The directly-below type backlight device of the conventional art includes a flat or wavy light reflecting plate which is formed by a resin foamed product being adhered and laminated onto an aluminum sheet metal substrate, a plurality of light sources, light source supports, a light diffusing plate, a plurality of optical films, and a housing structure composed of sheet metal housings (back chassis and front chassis) (refer to Patent Documents 2 to 4, for example).
The liquid crystal display of the conventional art is constructed by mounting the liquid crystal panel onto the above backlight device.
As for the light reflecting plate in use, a light reflecting plate manufactured by adhering and laminating a resin foamed product onto an aluminum sheet metal substrate in order to retain the warp, deformation, and structure of the reflecting plate, is used. In general, a reflector is manufactured by sheet metal processing such as pressing for forming a wavy form or bending for forming side faces.
As for the light sources, a plurality of light sources are used according to the display screen size of the liquid crystal display and luminance required for the backlight device. Linear or U-shaped cold-cathode tubes (CCFL), point light sources such as optical semiconductor devices (LED), or those which are arranged in a linear or planar form are used.
As for the light source supports, not only sheet metal, but also injection molded products of a thermoplastic resin composition are often used. Particularly, light source supports molded out of a polycarbonate resin composition containing titanium oxide have a light reflection function, and light source supports having a rib structure as well as a light source supporting function are used to improve the torsional stiffness of the light reflecting plate.
The light diffusing plate is generally made of an acrylic resin, a copolymer resin of an acrylic monomer and styrene, a polycarbonate resin, or, nowadays, a resin composition including a transparent resin such as cyclic olefin resin with a light diffusing agent blended therein. The light diffusing plate has a thickness of about 1 to 3 mm and is selected according to the size of a liquid crystal display screen and a lighting device system.
Besides, as the light diffusing plate support frame, a frame having not only light source support portions are used, but also having rib structures obtained by an injection molding a polycarbonate-based resin composition containing titanium oxide are employed.

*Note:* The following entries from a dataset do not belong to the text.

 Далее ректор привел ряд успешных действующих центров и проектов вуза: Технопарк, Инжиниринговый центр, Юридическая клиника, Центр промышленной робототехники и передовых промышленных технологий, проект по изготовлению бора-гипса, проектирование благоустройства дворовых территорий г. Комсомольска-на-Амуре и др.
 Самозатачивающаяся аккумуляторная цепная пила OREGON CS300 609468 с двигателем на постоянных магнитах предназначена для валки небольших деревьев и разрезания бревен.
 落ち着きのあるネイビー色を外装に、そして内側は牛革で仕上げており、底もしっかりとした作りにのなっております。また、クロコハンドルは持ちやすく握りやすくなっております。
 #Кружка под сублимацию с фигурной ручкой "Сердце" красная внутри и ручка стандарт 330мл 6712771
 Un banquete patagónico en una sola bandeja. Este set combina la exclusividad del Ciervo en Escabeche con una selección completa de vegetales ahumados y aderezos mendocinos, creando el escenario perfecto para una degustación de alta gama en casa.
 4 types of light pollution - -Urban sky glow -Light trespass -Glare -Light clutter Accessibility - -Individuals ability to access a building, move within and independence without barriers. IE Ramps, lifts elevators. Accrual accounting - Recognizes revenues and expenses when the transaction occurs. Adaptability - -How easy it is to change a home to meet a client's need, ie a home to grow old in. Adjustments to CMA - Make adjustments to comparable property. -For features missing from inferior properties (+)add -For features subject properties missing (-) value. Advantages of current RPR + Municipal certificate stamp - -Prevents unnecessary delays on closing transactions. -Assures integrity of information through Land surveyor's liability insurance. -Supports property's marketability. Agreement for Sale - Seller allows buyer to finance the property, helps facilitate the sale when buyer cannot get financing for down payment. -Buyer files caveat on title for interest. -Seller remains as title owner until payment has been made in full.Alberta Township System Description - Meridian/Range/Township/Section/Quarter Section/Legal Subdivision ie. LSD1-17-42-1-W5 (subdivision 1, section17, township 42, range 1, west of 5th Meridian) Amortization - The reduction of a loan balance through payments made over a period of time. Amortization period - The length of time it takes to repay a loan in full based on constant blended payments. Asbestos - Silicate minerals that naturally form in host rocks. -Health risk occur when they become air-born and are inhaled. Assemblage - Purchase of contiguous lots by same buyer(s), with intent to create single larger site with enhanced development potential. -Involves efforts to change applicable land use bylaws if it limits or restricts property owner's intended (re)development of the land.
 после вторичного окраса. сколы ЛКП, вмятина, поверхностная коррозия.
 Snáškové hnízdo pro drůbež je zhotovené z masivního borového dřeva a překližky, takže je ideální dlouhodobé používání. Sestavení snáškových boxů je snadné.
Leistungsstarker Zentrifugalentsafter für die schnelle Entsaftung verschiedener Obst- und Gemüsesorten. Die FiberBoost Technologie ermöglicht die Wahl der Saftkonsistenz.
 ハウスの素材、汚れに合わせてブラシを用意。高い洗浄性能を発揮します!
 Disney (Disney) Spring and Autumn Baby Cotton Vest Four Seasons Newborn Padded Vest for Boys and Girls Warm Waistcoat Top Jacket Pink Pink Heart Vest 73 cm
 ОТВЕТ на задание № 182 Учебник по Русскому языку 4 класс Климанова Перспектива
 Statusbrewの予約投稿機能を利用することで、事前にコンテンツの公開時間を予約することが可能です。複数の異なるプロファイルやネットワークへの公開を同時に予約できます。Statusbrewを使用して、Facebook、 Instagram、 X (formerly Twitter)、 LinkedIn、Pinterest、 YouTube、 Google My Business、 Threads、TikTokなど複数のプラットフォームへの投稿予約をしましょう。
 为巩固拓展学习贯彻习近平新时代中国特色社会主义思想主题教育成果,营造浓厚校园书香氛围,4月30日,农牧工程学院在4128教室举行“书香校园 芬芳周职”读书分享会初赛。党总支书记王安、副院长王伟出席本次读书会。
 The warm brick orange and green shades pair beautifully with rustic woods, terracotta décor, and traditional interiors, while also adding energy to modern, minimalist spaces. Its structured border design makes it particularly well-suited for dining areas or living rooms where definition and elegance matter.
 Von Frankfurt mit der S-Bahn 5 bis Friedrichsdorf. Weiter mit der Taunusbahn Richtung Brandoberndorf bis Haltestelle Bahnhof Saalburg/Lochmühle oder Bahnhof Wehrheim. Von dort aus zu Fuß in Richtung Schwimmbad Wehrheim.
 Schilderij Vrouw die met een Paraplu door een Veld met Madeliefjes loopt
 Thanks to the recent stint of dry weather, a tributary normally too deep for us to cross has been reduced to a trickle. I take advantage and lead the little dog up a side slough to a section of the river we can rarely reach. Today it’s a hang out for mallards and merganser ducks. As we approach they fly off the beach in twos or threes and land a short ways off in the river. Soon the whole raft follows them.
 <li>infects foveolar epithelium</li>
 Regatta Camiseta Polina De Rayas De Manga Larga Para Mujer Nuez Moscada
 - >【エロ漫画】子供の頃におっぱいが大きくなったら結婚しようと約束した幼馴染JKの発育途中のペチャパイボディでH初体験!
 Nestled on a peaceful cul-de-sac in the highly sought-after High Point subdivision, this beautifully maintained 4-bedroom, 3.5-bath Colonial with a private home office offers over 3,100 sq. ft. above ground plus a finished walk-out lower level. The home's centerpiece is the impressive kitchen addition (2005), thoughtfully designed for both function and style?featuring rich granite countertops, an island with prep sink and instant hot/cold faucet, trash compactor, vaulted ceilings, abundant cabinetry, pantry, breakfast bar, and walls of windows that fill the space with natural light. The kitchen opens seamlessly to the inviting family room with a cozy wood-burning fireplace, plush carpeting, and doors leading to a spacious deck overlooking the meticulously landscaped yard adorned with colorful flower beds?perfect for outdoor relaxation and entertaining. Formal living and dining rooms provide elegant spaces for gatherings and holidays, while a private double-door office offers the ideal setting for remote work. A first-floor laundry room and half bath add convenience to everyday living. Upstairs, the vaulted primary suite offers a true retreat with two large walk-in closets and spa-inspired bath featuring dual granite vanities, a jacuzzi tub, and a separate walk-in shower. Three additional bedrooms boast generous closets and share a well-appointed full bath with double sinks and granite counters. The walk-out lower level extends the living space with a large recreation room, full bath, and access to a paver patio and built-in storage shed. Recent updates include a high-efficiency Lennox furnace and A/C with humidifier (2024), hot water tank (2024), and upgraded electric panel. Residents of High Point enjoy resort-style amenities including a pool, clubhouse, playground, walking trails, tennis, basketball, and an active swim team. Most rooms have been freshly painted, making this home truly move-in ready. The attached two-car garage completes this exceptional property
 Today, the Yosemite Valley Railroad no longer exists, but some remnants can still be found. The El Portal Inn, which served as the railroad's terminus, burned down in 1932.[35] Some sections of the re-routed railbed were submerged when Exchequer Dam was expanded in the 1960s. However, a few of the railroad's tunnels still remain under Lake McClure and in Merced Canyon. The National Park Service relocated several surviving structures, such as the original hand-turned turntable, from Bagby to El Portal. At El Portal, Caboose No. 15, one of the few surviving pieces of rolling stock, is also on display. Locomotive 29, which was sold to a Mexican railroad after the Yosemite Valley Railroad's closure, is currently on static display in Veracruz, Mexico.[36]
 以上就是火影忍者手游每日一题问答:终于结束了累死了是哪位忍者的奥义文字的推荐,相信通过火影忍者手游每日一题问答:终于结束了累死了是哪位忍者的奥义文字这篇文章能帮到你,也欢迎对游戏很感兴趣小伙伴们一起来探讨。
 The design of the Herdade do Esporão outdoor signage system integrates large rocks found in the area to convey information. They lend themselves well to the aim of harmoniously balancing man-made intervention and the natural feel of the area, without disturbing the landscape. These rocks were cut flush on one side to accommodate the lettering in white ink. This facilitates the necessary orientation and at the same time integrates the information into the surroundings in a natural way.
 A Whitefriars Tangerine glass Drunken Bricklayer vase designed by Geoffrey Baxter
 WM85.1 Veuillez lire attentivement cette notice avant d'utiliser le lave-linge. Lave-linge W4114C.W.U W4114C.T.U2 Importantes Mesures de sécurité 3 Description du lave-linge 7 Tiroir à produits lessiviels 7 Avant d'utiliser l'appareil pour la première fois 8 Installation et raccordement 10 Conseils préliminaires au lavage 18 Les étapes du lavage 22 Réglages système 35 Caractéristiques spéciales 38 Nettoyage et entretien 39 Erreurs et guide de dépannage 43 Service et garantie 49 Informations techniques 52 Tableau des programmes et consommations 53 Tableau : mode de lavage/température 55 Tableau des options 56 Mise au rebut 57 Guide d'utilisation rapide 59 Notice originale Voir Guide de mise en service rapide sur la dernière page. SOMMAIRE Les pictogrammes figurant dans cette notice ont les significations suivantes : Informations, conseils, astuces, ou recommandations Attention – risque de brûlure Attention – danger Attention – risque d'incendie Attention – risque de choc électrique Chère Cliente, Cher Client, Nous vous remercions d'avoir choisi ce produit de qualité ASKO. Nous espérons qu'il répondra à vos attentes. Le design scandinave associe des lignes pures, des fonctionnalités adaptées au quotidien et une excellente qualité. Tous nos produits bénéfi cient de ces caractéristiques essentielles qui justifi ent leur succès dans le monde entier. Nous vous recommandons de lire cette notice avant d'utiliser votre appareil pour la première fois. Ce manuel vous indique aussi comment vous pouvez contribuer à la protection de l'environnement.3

As for the optical films, optical films having a plurality of functions are laminated. Light diffusing films used to make the surface luminance of a backlight device uniform and prism sheets having a luminance improving function are generally used. A plurality of the light diffusing films and a plurality of the prism sheets are laminated in order to control luminance and luminance uniformity.
Those backlight devices of the conventional art have a large number of parts and a large number of assembly steps.
In addition, sheet metal processing is carried out twice: sheet metal processing for manufacturing a reflector by the processing of a light reflecting plate into a wavy plate and bending for forming side faces; and sheet metal processing for manufacturing a chassis (housing), i.e. a housing structure, thereby taking time and labor and making it impossible to eliminate an increase in the weight of the whole device. In a light reflecting plate including a resin foamed material adhered and laminated onto an aluminum sheet metal substrate, the resin foamed layer easily comes off from the aluminum substrate and displaces during sheet metal processing, thereby making it difficult to carry out the sheet metal processing of a complex shape. The aluminum sheet metal substrate used herein is made of aluminum or aluminum alloy. To impart sheet metal processability to the aluminum, the 52S aluminum material which is generally available at relatively cheap price cannot be used, and an expensive material must be used. Since the sheet metal processing of a complex shape is difficult, light source supports having the functions of: supporting a reinforcing structure for preventing the light reflecting plate from twisting; supporting light sources; supporting reflection portions; and insulating heat generated from the terminals of light source electrodes must be manufactured by injection molding a resin composition separately, mounted and fixed after the light sources are installed on the light reflecting plate to construct a reflector. The thickness of the chassis forming the skeleton of the housing structure in the case of aluminum sheet metal is 1 mm for a display screen size of 22 inches, 1.5 mm for a display screen size of 30 inches, and 2 mm for a display screen size of 40 inches. The fact is also a cause for increase in the weight of the device (refer to Patent Documents 5 and 6, for example).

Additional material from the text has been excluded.